1

I have a python code, that reads certain arrays from a text file, does some (alot) of processing, then returns a 2D array : Intensity, which is plotted using imshow. Now my code is too slow due to the use of np.where at one point into a nested loop.

I have tried alot to use multiprocessing(and joblib) module. In both cases, I found that the code kept on running (forever) without any error. With some research (Jupyter notebook never finishes processing using multiprocessing (Python 3)) I found that multiprocessing has some problems on ipython and windows (gives Broken pipe error Broken pipe error with multiprocessing.Queue and https://github.com/spyder-ide/spyder/issues/7832). I tried the workarounds given, but nothing helped.


 xlin= np.linspace(-40,40,81)

 ylin= np.linspace(-40,40,81)

 xxlin,yylin=np.meshgrid(xlin,ylin)

 Intensity = np.zeros(np.shape(xxlin))

 for i in range(len(xlin)-1):

     for j in range(len(ylin)-1):

       k= np.where((Xnew >= xlin[i]) & (Xnew < xlin[i+1])& ( Ynew >= ylin[j]) & (Ynew < ylin[j+1]))

       N1= np.shape(k)[1]

       Intensity[j,i] = Intensity[j,i] + N1

  #Xnew and Ynew are 1D arrays read from data file. 

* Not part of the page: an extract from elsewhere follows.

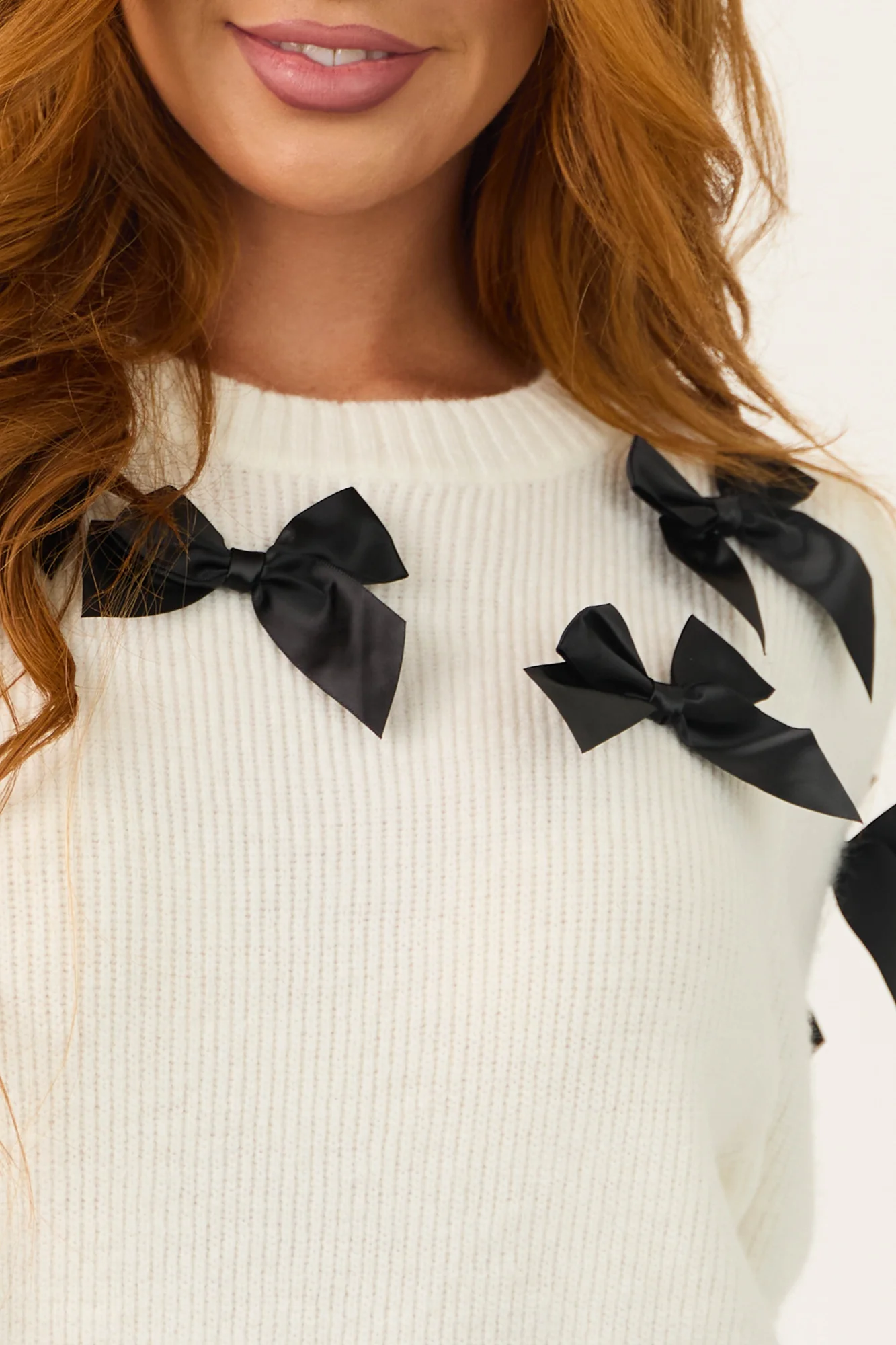 Indulge in unparalleled comfort with our Ivory Short Puff Sleeve Ribbed Knit Sweater. Available in sizes S, M, and L, with sleeve lengths of 11″, 11.5″, and 12″, respectively. Featuring delicate black satin bows, banded trim, and a stretchy ribbed knit construction for a perfect fit. Crafted from 45% Acrylic, 26% Nylon, and 29% Polyester blend. This sweater is a versatile addition to your wardrobe. Enjoy easy care maintenance by hand washing cold and hanging dry.

 fig = plt.figure(2,figsize=(14,14))

 plt.imshow(Intensity,origin='lower',interpolation='nearest',cmap = cm.jet)

I have no other issues except the speed of the code. After much toiling I realised that np.where is the real culprit. If someone can tell me an alternative suited to my case. I also wish if someone can help with parallelising this nested loop.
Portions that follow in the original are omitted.